哈希、树、堆、图

211 阅读9分钟

哈希、树、图、堆

哈希函数

  • O(1)的时间复杂度,一般选择好的hash函数不太会有冲突
  • Java hashMap源码解析 解读
  • Java Set 和Map接口提供的方法 和基本使用 java Set 接口中的方法 继承类 HashSet TreeSet
bollean add(E e);
bollean addAll(Collection <? extends E> c);
void  clear();
bollean contians(E e);
bollean containsAll(Collection <?> c);
bollean isEmpty();
int  size();

java Map接口中的方法 继承实现类 HashMap HashTable TreeMap ConcurrentHashMap

void clear();
bollean contiansKey(Object key);
bollean contiansValue(Object value);
V   get(Object key);
default V   getOrDefault(Object key,V defaultValue);
bollean isEmpty();
V	put (K key, V value)
V	remove (Object key)
default V	replace (K key, V value)

  • TreeMap等基本特性

  • java hashMap实现分析

  1. java8之前,通过数组指针+链表实现,java8之后做了改进,解决了循环引用问题,链表节点数大于8,会改成通过红黑树实现
  2. hash循环引用 导致cpu 100%问题详见 coolshell.cn/articles/96…
  3. 具体源码实现分析对比 可参考 (juejin.cn/post/684490…

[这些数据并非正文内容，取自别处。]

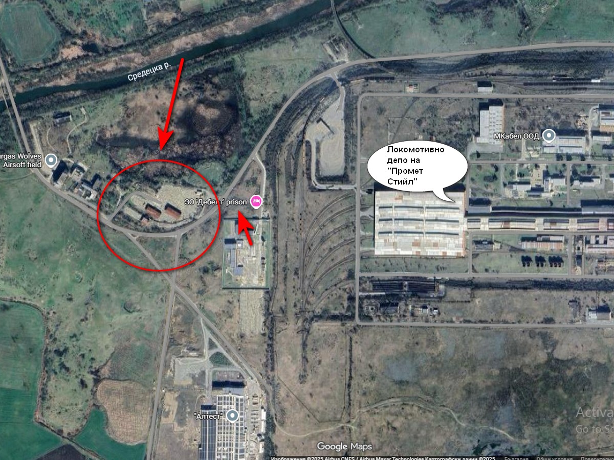 В момента в този парцел от над 33 дка, който виждате в овала на снимката, са изградени общо 10 броя едноетажни промишлени сгради в два терена, собственост на "Дебелтинженеринг" АД. През 2024 г. дружеството е отдало под наем парцела на фирмата "Ли-кинг батери БГ" ЕООД за ползване като площадка за дейности с отпадъци, включващо възстановяване и рециклиране на литиево-йонни батерии.

*二叉搜索树 概念 中序遍历时递增的,空树也是树 二叉搜索树,也称二叉搜索树、有序二叉树(Ordered Binary Tree)、 排序二叉树(Sorted Binary Tree),是指一棵空树或者具有下列性质的 二叉树:

  1. 左子树上所有结点的值均小于它的根结点的值;
  2. 右子树上所有结点的值均大于它的根结点的值;
  3. 以此类推:左、右子树也分别为二叉查找树。 (这就是 重复性!)

树的经典题目

  1. 中序遍历
 递归
 
 //通过使用栈
 public List<Integer> inorderTraversal(TreeNode root) {
    List<Integer> list = new ArrayList<>();
    if(root == null) return list;
    Stack<TreeNode> stack = new Stack<>();
    while(root != null || !stack.empty()){
        while(root != null){
            stack.push(root);
            root = root.left;
        }
        root = stack.pop();
        list.add(root.val);
        root = root.right;
        
    }
    return list;
}

2 使用中序遍历 求二叉搜索树 第K元素

public int kthSmallest(TreeNode root, int k) {
     Stack<TreeNode> stack = new Stack<>();
     while(root != null || !stack.isEmpty()) {
         while(root != null) {
             stack.push(root);    
             root = root.left;   
         } 
         root = stack.pop();
         if(--k == 0) break;
         root = root.right;
     }
     return root.val;
 }
 
  1. 使用中序遍历 判断一颗树是二叉搜索树
public boolean isValidBST(TreeNode root) {
   if (root == null) return true;
   Stack<TreeNode> stack = new Stack<>();
   TreeNode pre = null;
   while (root != null || !stack.isEmpty()) {
      while (root != null) {
         stack.push(root);
         root = root.left;
      }
      root = stack.pop();
      if(pre != null && root.val <= pre.val) return false;
      pre = root;
      root = root.right;
   }
   return true;
}

  • 堆的实现方式有多种 包括二叉堆 、fibonacii堆
  • 二叉堆 可以用数组实现,插入和删除都是O(logN) 取元素O(1) 二叉堆的性质:
  1. 是一个完全二叉树,完全二叉树是指除了最底层的叶子节点,其他根节点的叶子节点都是满的
  2. 大顶堆的话 树的任意节点的值> 子节点的值 根据二叉堆的性质,一般用数组实现 java中可以直接用PriorityQueue

堆可以用数组实现,该数组从逻辑上讲就是一个堆结构,我们用简单的公式来描述一下堆的定义就是: 大顶堆:arr[i] >= arr[2i+1] && arr[i] >= arr[2i+2]
小顶堆:arr[i] <= arr[2i+1] && arr[i] <= arr[2i+2]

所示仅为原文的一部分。